Information supplied »
Segment Open

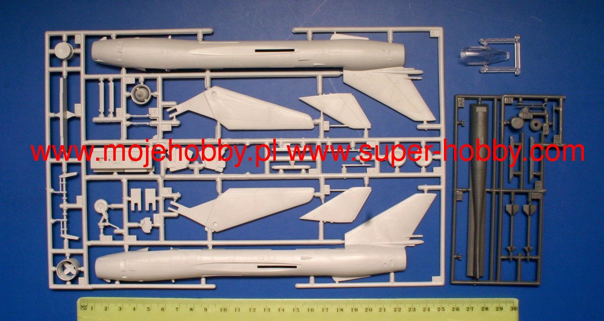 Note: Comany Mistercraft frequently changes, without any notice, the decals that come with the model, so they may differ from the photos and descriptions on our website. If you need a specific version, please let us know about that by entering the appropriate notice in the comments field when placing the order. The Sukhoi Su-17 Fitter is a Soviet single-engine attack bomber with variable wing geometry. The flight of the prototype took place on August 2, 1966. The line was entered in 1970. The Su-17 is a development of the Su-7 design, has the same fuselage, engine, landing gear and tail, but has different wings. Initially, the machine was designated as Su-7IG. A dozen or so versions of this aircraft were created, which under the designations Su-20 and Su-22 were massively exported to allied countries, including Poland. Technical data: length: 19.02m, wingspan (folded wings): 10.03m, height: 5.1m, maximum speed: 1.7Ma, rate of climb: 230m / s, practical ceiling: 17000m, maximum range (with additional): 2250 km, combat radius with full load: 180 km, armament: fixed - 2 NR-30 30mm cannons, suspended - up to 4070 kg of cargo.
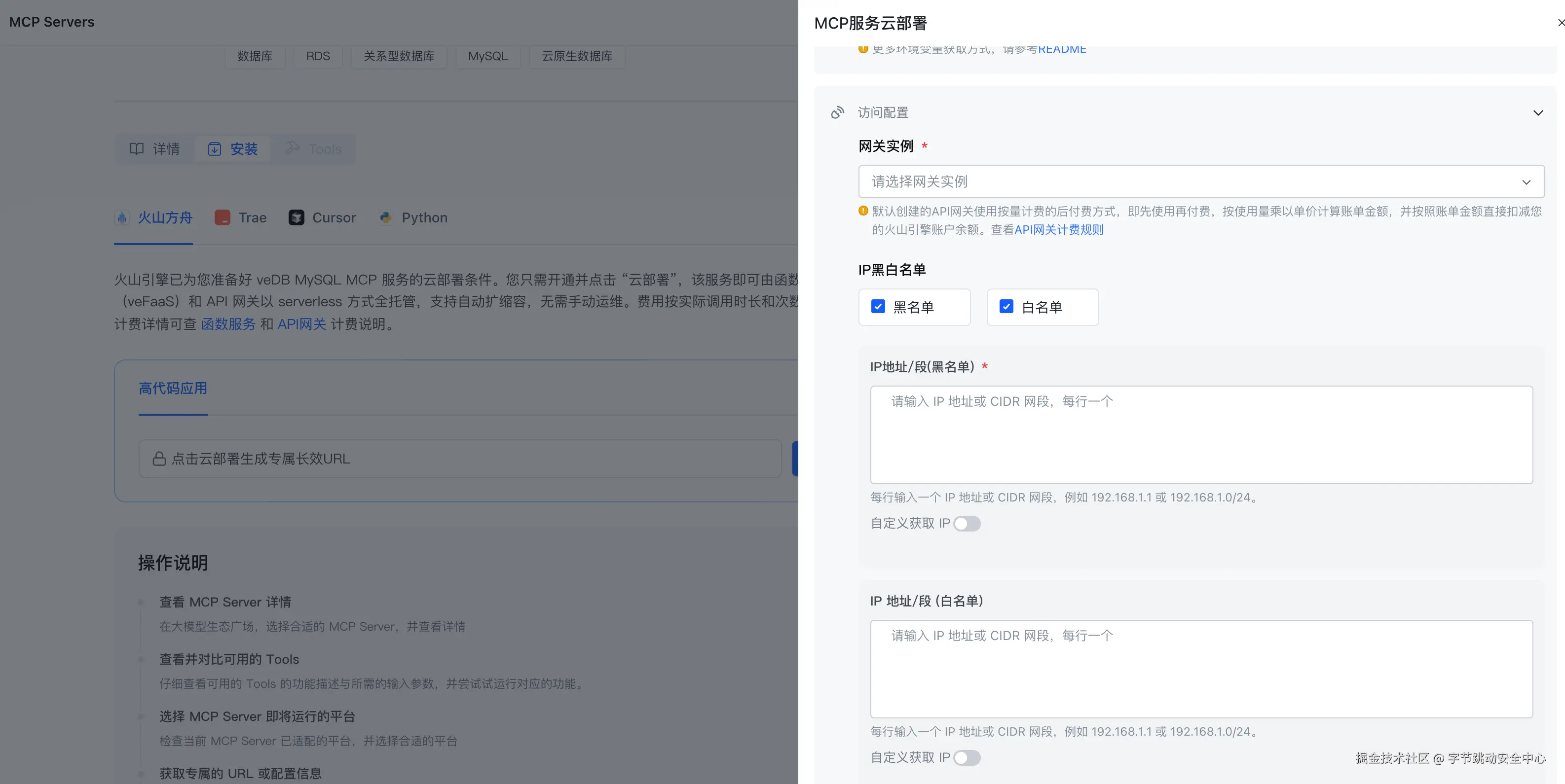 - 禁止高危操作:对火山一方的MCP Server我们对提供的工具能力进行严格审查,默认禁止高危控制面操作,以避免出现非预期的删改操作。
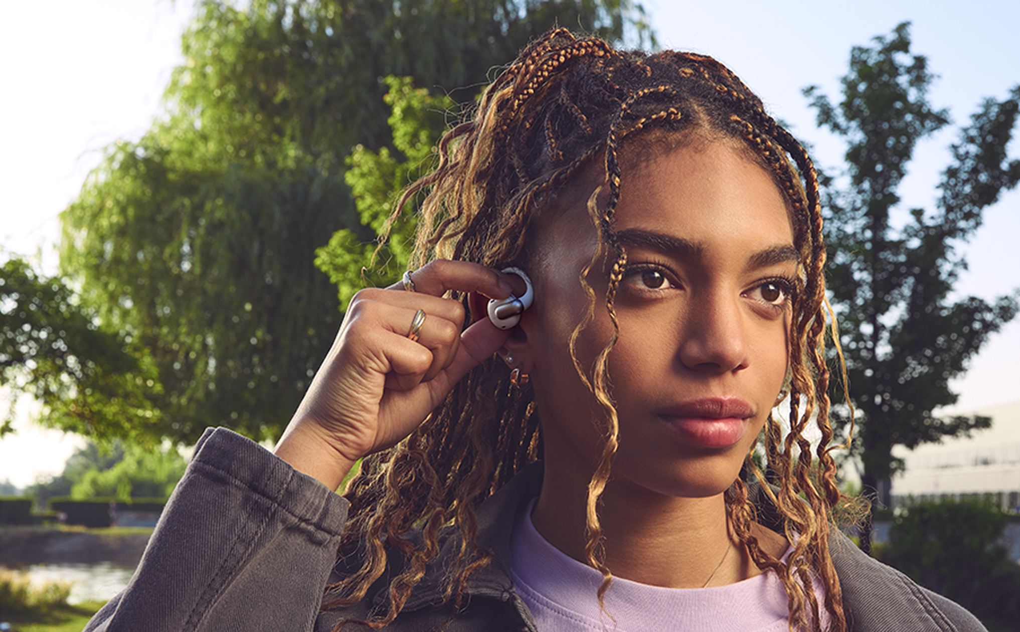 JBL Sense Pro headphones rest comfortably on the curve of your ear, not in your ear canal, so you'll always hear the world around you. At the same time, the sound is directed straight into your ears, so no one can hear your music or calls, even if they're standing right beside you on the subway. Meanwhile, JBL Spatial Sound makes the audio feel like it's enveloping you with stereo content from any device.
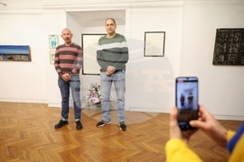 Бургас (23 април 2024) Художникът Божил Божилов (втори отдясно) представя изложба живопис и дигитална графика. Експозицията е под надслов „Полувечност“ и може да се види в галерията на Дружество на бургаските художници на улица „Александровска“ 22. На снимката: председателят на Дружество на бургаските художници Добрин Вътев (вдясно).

Segment Closed

What you have to do »
Would it be possible to give the material above again exactly, with the pictures left out?

Task output »
 Note: Comany Mistercraft frequently changes, without any notice, the decals that come with the model, so they may differ from the photos and descriptions on our website. If you need a specific version, please let us know about that by entering the appropriate notice in the comments field when placing the order. The Sukhoi Su-17 Fitter is a Soviet single-engine attack bomber with variable wing geometry. The flight of the prototype took place on August 2, 1966. The line was entered in 1970. The Su-17 is a development of the Su-7 design, has the same fuselage, engine, landing gear and tail, but has different wings. Initially, the machine was designated as Su-7IG. A dozen or so versions of this aircraft were created, which under the designations Su-20 and Su-22 were massively exported to allied countries, including Poland. Technical data: length: 19.02m, wingspan (folded wings): 10.03m, height: 5.1m, maximum speed: 1.7Ma, rate of climb: 230m / s, practical ceiling: 17000m, maximum range (with additional): 2250 km, combat radius with full load: 180 km, armament: fixed - 2 NR-30 30mm cannons, suspended - up to 4070 kg of cargo.
 - 禁止高危操作:对火山一方的MCP Server我们对提供的工具能力进行严格审查,默认禁止高危控制面操作,以避免出现非预期的删改操作。
 JBL Sense Pro headphones rest comfortably on the curve of your ear, not in your ear canal, so you'll always hear the world around you. At the same time, the sound is directed straight into your ears, so no one can hear your music or calls, even if they're standing right beside you on the subway. Meanwhile, JBL Spatial Sound makes the audio feel like it's enveloping you with stereo content from any device.
 Бургас (23 април 2024) Художникът Божил Божилов (втори отдясно) представя изложба живопис и дигитална графика. Експозицията е под надслов „Полувечност“ и може да се види в галерията на Дружество на бургаските художници на улица „Александровска“ 22. На снимката: председателят на Дружество на бургаските художници Добрин Вътев (вдясно).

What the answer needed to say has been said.